Doubling the cube. Two copies of a unit cube have volume 2,
so the new side length is \sqrt[3]{2}. Its minimal polynomial over
\mathbb{Q} is x^3 - 2 — irreducible by Eisenstein
at p = 2 — so [\mathbb{Q}(\sqrt[3]{2}) : \mathbb{Q}] = 3.
Three is not a power of two, so \sqrt[3]{2} is not
constructible. The Delian problem is impossible.
Trisecting a general angle. Try 60^\circ, which itself
is constructible. Trisecting it needs \cos 20^\circ. The triple-angle
identity \cos 3\theta = 4\cos^3\theta - 3\cos\theta with
3\theta = 60^\circ gives, after setting x = 2\cos 20^\circ,
8x^3 - 6x - 1 = 0,
which is irreducible over \mathbb{Q} (no rational root). So
\cos 20^\circ has degree 3 — again not a power of
two, so 60^\circ cannot be trisected with these tools, and hence no method
trisects every angle.
Squaring the circle. A circle of radius 1 has area
\pi, so the square's side is \sqrt{\pi}. But
Lindemann proved in 1882 that \pi is
transcendental — it is not a root of any polynomial with rational
coefficients. So \sqrt{\pi} is not algebraic at all; its "degree" is infinite,
certainly not a power of two. Squaring the circle is impossible — the deepest of the three, because it
needed a brand-new theorem about the nature of \pi.
Gauss and the buildable polygons
The theory does not only forbid — it also grants. As a teenager,
Gauss discovered that the regular
17-gon is constructible, the first new constructible
polygon in two thousand years, and he was so proud he asked for one on his tombstone. The full criterion
he opened (finished by Wantzel) is beautiful:
-
A regular n-gon is constructible if and only if
n = 2^k \, p_1 p_2 \cdots p_r, where the
p_i are distinct Fermat primes — primes of the form
2^{2^m} + 1.
The known Fermat primes are 3, 5, 17, 257, 65537. So the
3-, 5-, 15-,
16-, and 17-gons are all constructible — but the
regular 7-gon is not (7 is not a
Fermat prime), and neither is the regular 9-gon
(9 = 3^2 repeats the Fermat prime 3). The same
power-of-two engine, running in reverse.
It is tempting to flip the theorem into "degree 2^k
\Rightarrow constructible." That is false. There exist
numbers of degree 4 that are not constructible. The catch is subtle:
constructibility demands a tower where every step is degree 2, and
for that the whole
splitting
field must have degree a power of two (equivalently, a Galois group of
2-power order). A number can have degree 4 while
its splitting field has degree, say, 24 — no all-quadratic tower reaches it.

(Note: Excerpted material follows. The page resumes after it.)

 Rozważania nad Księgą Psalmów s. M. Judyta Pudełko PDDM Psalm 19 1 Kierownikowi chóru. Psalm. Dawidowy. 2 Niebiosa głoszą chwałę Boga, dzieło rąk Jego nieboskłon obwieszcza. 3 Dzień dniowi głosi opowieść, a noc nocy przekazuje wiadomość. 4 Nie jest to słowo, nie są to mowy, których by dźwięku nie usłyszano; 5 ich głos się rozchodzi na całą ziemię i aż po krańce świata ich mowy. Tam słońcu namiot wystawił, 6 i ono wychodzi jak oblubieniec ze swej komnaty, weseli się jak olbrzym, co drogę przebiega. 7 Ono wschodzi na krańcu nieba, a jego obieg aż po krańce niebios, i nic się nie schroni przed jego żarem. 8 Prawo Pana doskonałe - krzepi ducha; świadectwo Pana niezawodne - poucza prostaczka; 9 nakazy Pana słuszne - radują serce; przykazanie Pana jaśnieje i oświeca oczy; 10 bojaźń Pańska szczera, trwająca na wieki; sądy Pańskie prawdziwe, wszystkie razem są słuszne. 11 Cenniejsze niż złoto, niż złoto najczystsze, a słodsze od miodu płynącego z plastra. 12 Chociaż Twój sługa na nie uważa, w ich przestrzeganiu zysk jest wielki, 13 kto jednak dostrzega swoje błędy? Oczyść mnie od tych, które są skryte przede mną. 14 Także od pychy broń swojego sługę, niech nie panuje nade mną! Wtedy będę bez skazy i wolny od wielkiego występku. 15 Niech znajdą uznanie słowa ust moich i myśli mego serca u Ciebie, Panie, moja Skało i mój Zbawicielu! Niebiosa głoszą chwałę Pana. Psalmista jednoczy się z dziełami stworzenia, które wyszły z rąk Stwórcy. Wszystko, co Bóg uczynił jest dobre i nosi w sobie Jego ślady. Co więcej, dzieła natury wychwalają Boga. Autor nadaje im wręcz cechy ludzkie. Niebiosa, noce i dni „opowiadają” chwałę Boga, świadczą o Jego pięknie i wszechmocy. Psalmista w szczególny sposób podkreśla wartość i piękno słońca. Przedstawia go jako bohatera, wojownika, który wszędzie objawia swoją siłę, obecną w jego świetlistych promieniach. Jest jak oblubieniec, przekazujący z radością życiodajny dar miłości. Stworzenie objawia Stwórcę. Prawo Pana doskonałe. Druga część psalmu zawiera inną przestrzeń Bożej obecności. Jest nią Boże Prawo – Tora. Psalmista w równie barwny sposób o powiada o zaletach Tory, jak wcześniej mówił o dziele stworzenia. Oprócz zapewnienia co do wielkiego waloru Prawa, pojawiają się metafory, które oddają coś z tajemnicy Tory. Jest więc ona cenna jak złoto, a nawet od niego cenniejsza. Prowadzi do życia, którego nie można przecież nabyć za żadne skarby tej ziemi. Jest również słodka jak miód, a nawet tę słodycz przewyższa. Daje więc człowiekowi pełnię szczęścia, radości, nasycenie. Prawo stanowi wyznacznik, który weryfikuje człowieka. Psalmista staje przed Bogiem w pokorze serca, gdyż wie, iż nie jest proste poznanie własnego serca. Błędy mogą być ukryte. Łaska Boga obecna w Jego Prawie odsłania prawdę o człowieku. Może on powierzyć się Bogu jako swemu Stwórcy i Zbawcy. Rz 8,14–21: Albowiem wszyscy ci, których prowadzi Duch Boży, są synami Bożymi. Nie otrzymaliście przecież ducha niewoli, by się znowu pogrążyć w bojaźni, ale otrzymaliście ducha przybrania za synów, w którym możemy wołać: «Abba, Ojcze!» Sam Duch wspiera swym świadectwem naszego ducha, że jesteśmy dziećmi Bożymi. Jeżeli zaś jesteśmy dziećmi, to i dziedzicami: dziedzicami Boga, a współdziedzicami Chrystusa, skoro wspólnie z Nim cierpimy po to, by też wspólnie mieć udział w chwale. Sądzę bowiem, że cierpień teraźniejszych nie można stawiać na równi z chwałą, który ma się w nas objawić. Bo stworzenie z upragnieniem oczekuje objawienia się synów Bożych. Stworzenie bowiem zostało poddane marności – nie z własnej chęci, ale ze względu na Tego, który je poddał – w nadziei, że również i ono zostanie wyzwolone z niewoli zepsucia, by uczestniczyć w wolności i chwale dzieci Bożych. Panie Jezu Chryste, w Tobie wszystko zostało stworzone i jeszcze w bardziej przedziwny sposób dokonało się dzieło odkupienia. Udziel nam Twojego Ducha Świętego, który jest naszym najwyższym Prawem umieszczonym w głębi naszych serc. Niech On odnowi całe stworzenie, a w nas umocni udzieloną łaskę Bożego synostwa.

So "degree is a power of 2" is a necessary test that quickly kills
the classical problems, but it is not the complete sufficient condition.
A second trap: "ruler" here means an unmarked straightedge. If you allow a
marked ruler and the sliding trick called neusis, you can trisect any angle
and double the cube — Archimedes did. The impossibility is a statement about a specific, deliberately
minimal toolkit, not about geometry itself.
Even after Wantzel (1837) and Lindemann (1882) closed the book, amateur "angle trisectors" kept mailing
proofs to mathematics departments — so many that Augustus De Morgan wrote a whole book,
A Budget of Paradoxes, cataloguing them. The phrase "squaring the circle" survives in everyday
English as a byword for attempting the impossible. The lesson the field-theory proof teaches is worth
the two thousand years: knowing what cannot be done is as much a triumph as a construction, and
the right language — degrees of extensions — can make an ancient wall of difficulty simply vanish.